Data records
=====
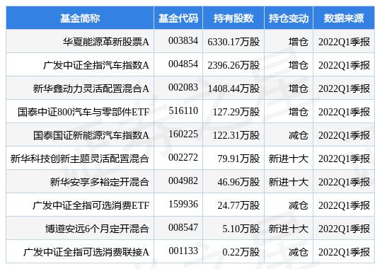 其中持有数量最多的基金为华夏能源革新股票 A,目前规模为 184.34 亿元,最新净值 3.754(6 月 23 日),较上一交易日上涨 2.62%,近一年上涨 14.31%。该基金现任基金经理为郑泽鸿。
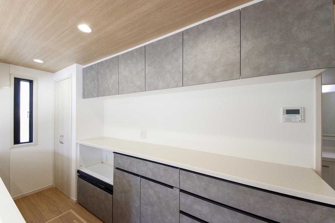 キッチン背面にはキッチンと同じ配色のカップボードを設置。
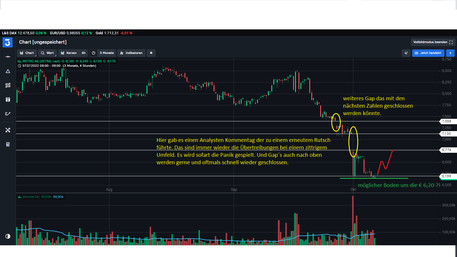 Hier zu sehen das man Heute mit einem SK um oder über € 6,20.- aus dem Handel gehen sollte. Dann könnte mit einer Wochenkerze ein möglicher Boden bestätigt worden sein. Wäre dann möglich das eine kleine Rally starten könnte. Erstes Zwischenziel € 6,60.- danach schnell auf 6,77.- danach mögliche kleine Korrektur bevor man das GAP bei € 7,13.- schließen könnte.
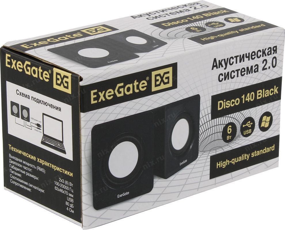 Акустическая система ExeGate EX287057RUS 2.0 2x3W черный Disco 140 (питание USB)
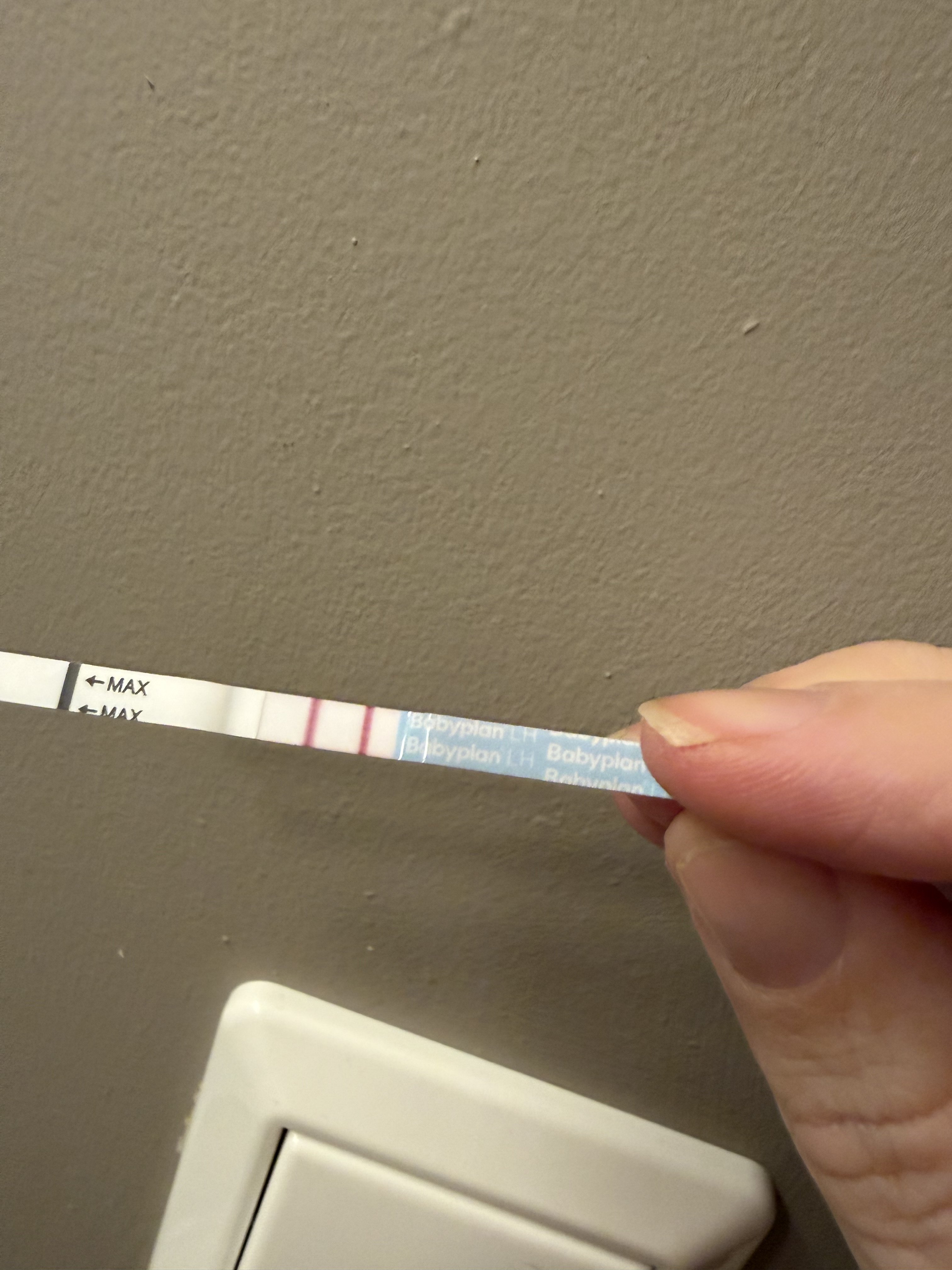 Hurra for eggløsning!Nå er det like før, ellerså har toppen vært. Jeg har monitor i tillegg som viste maksimal imorrest, men liker å bruke strimler i tillegg
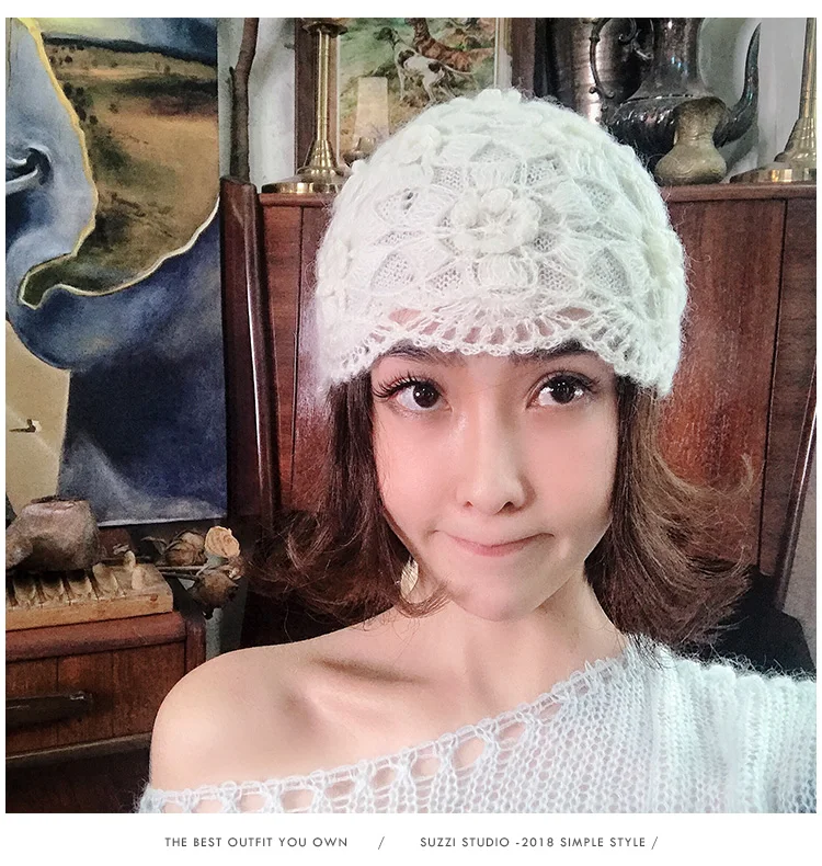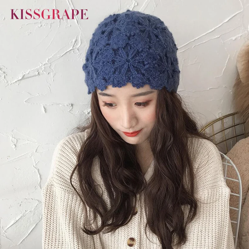 Новинка 2021, осенняя двухслойная женская вязаная шапка, шапка ручной работы, женская элегантная зимняя теплая вязаная крючком шапка с цветочным рисунком, мягкая шапка
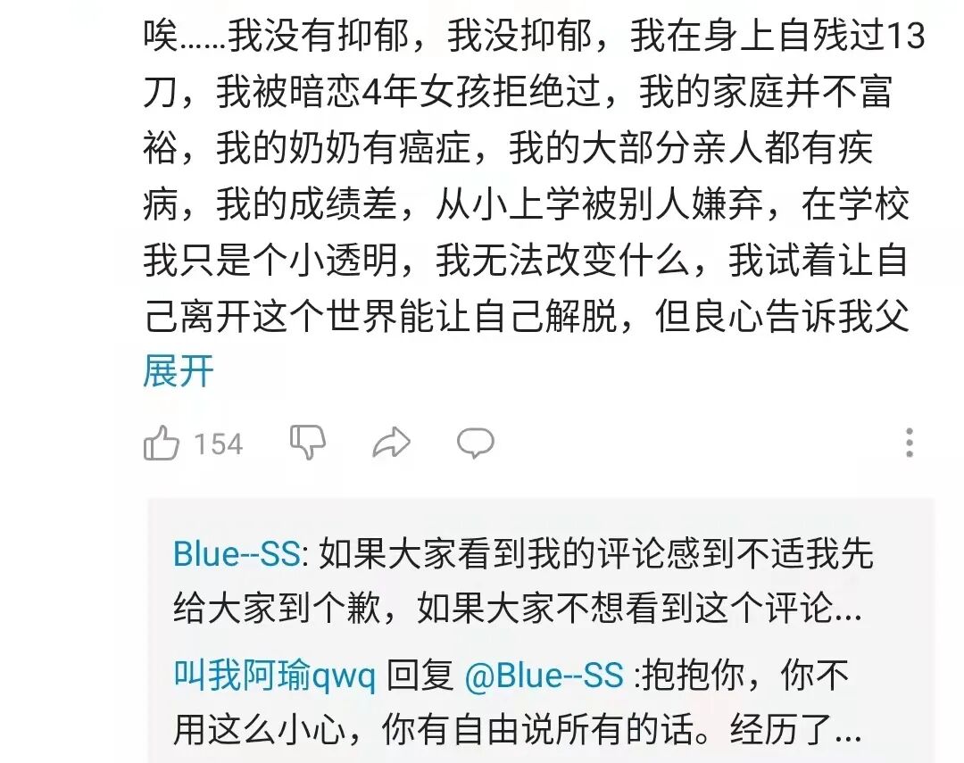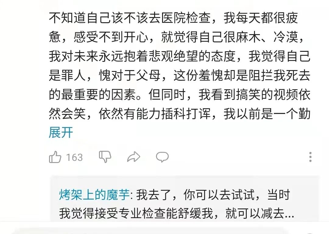 评论区更是成为不少年轻人的心灵“树洞”,满是网友们倾述或自己或家人抑郁、自残的经历。
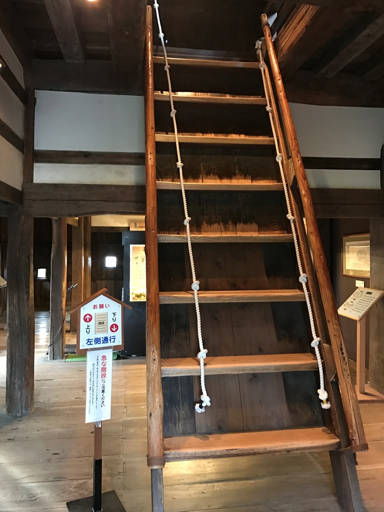 内部の階段は・・・梯子をかけたような勾配で、ぶら下げられたロープを頼りに上下します。
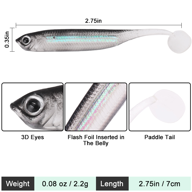 2. Realistic Details: This shad soft plastic lure with ultra realistic details, target fishes won't be able to ignore it. The shad lure include highly detailed fish scale pattern, fish gills plate, and ultra realistic 3D eyes. With flash foil in the belly to provide reflection under the water which is good on the days when you need that flash, thus will more attract bites.
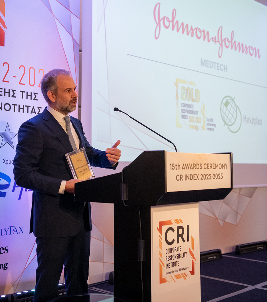 Διπλή διάκριση απέσπασε η Johnson & Johnson MedTech Ελλάδας στον Εθνικό Δείκτη Εταιρικής Υπευθυνότητας CR Index 2023 και το CRI Pass του Ινστιτούτου Εταιρικής Ευθύνης για δεύτερη συνεχή χρονιά. Η Johnson & Johnson MedTech Ελλάδας τιμήθηκε με το Χρυσό Βραβείο (Gold Award), καθώς και με τον Έπαινο Best in Marketplace, για την πρόοδο της αναφορικά με τις πρακτικές βιώσιμης ανάπτυξης και τα κριτήρια ESG που εφαρμόζει διαχρονικά μέσα από ένα διεθνώς αναγνωρισμένο εργαλείο αξιολόγησης των επιδόσεων της.
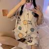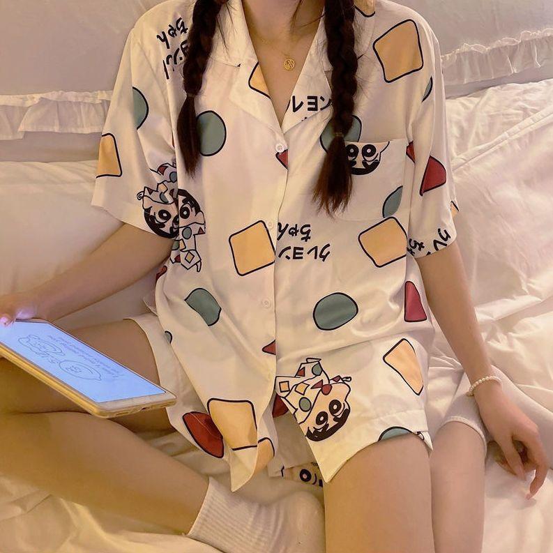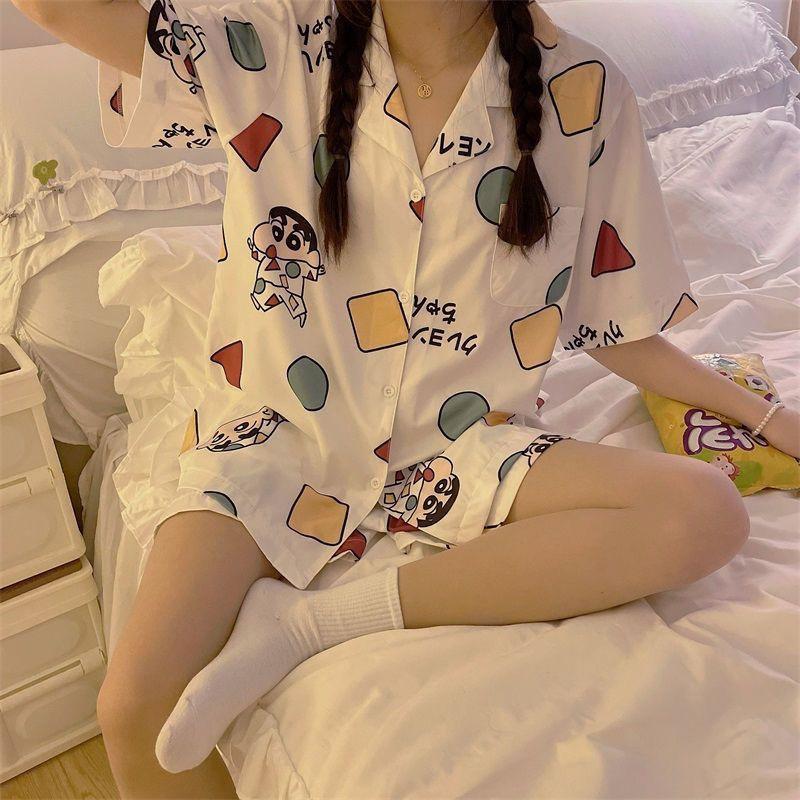 Pijamas de Dibujos Animados para Mujer Verano Nuevo ins Estilo Japonés Lindo Crayon Pequeño Ropa Nueva para el Hogar Estampado Delgado Traje de Manga Corta
=====
• Assignment: Output the lines of the data exactly, starting at the first and ending with the line that has "2. Realistic Details: This". Pictures are not part of it.

• Exercise response:
 其中持有数量最多的基金为华夏能源革新股票 A,目前规模为 184.34 亿元,最新净值 3.754(6 月 23 日),较上一交易日上涨 2.62%,近一年上涨 14.31%。该基金现任基金经理为郑泽鸿。
 キッチン背面にはキッチンと同じ配色のカップボードを設置。
 Hier zu sehen das man Heute mit einem SK um oder über € 6,20.- aus dem Handel gehen sollte. Dann könnte mit einer Wochenkerze ein möglicher Boden bestätigt worden sein. Wäre dann möglich das eine kleine Rally starten könnte. Erstes Zwischenziel € 6,60.- danach schnell auf 6,77.- danach mögliche kleine Korrektur bevor man das GAP bei € 7,13.- schließen könnte.
 Акустическая система ExeGate EX287057RUS 2.0 2x3W черный Disco 140 (питание USB)
 Hurra for eggløsning!Nå er det like før, ellerså har toppen vært. Jeg har monitor i tillegg som viste maksimal imorrest, men liker å bruke strimler i tillegg
 Новинка 2021, осенняя двухслойная женская вязаная шапка, шапка ручной работы, женская элегантная зимняя теплая вязаная крючком шапка с цветочным рисунком, мягкая шапка
 评论区更是成为不少年轻人的心灵“树洞”,满是网友们倾述或自己或家人抑郁、自残的经历。
 内部の階段は・・・梯子をかけたような勾配で、ぶら下げられたロープを頼りに上下します。
 2. Realistic Details: This shad soft plastic lure with ultra realistic details, target fishes won't be able to ignore it. The shad lure include highly detailed fish scale pattern, fish gills plate, and ultra realistic 3D eyes. With flash foil in the belly to provide reflection under the water which is good on the days when you need that flash, thus will more attract bites.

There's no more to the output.